Assignment: Below is a listing with pictures in it; transcribe exactly the lines from the one that has "Blue Yarn-Dyed Kurta, Trousers" through the one that has "首先,褚家如教授向崔向群院士", and omit those pictures.

Data for the task:
┄┄┄┄┄┄┄┄┄┄┄┄┄┄┄┄┄┄┄┄
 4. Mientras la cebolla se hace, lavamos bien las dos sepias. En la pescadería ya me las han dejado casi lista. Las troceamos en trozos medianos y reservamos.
┄┄┄┄┄┄┄┄┄┄┄┄┄┄┄┄┄┄┄┄
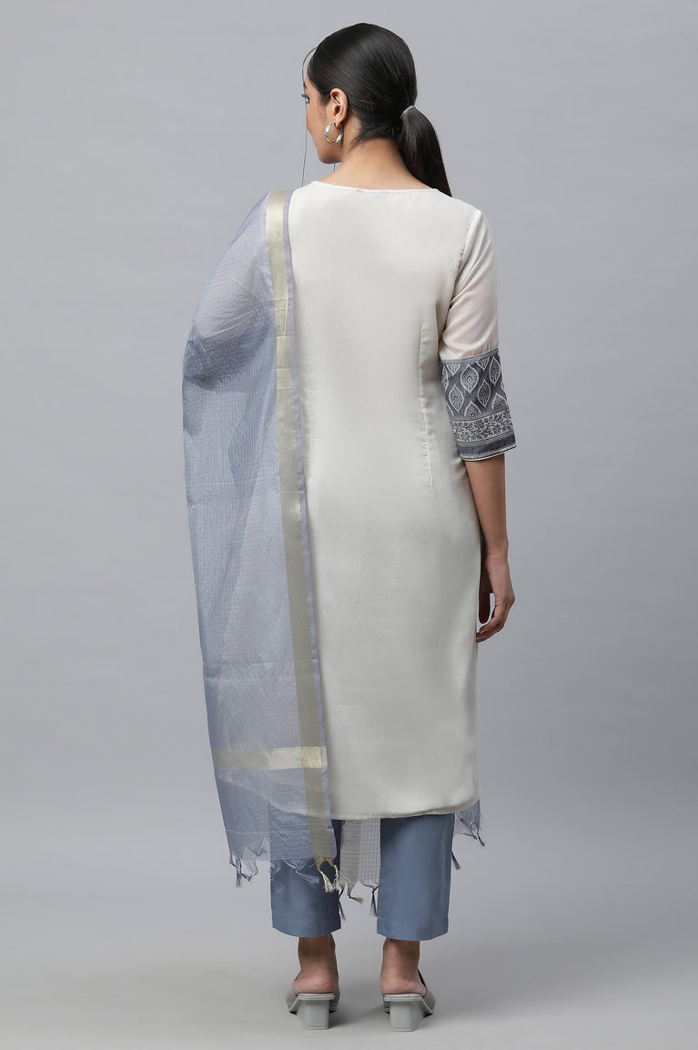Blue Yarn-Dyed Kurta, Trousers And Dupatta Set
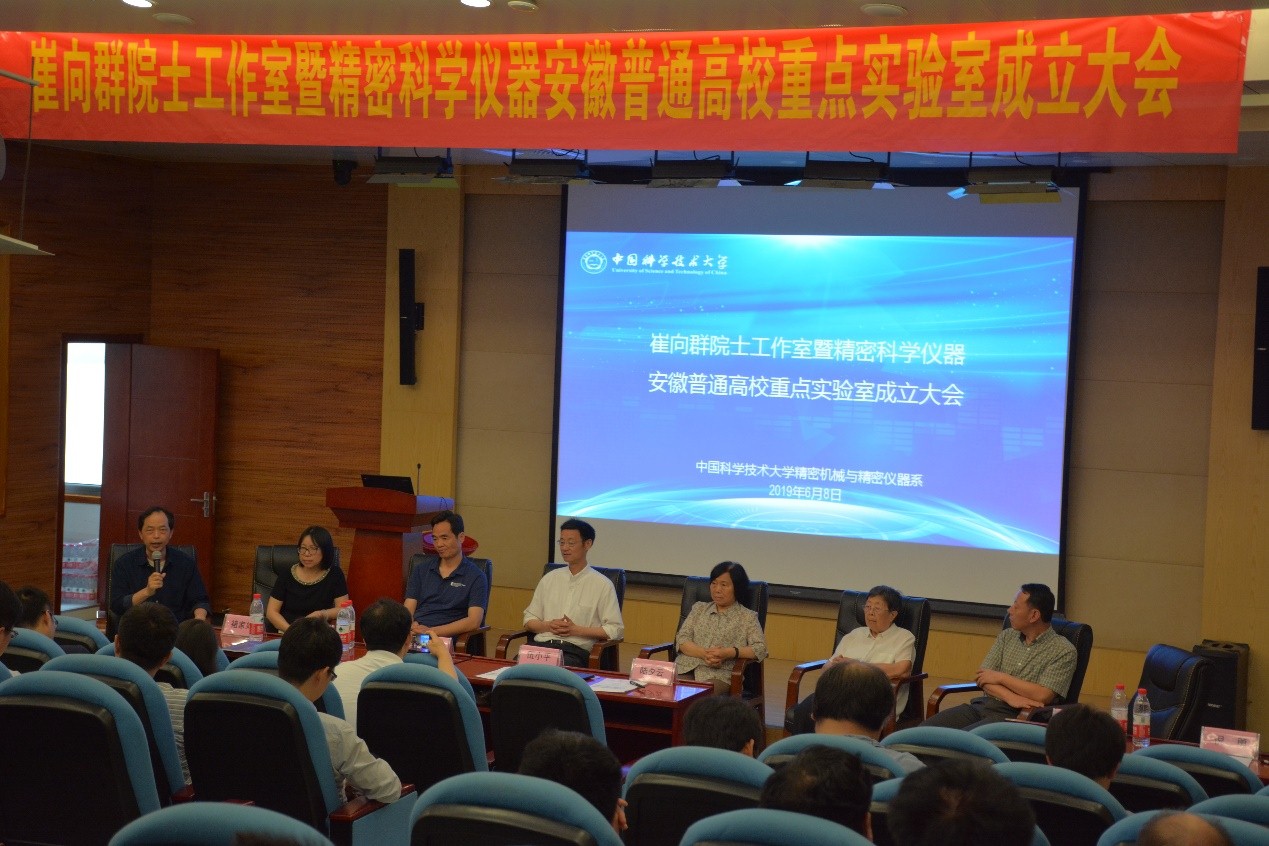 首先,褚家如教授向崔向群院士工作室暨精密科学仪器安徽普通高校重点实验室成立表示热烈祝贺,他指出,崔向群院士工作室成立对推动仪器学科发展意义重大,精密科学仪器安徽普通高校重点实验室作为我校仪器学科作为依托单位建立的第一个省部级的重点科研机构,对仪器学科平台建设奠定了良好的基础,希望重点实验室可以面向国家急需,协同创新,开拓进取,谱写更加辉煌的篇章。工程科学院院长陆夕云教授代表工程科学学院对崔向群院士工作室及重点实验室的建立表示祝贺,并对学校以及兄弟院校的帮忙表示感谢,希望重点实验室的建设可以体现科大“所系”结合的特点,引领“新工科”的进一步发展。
┄┄┄┄┄┄┄┄┄┄┄┄┄┄┄┄┄┄┄┄
Response:
Blue Yarn-Dyed Kurta, Trousers And Dupatta Set
 首先,褚家如教授向崔向群院士工作室暨精密科学仪器安徽普通高校重点实验室成立表示热烈祝贺,他指出,崔向群院士工作室成立对推动仪器学科发展意义重大,精密科学仪器安徽普通高校重点实验室作为我校仪器学科作为依托单位建立的第一个省部级的重点科研机构,对仪器学科平台建设奠定了良好的基础,希望重点实验室可以面向国家急需,协同创新,开拓进取,谱写更加辉煌的篇章。工程科学院院长陆夕云教授代表工程科学学院对崔向群院士工作室及重点实验室的建立表示祝贺,并对学校以及兄弟院校的帮忙表示感谢,希望重点实验室的建设可以体现科大“所系”结合的特点,引领“新工科”的进一步发展。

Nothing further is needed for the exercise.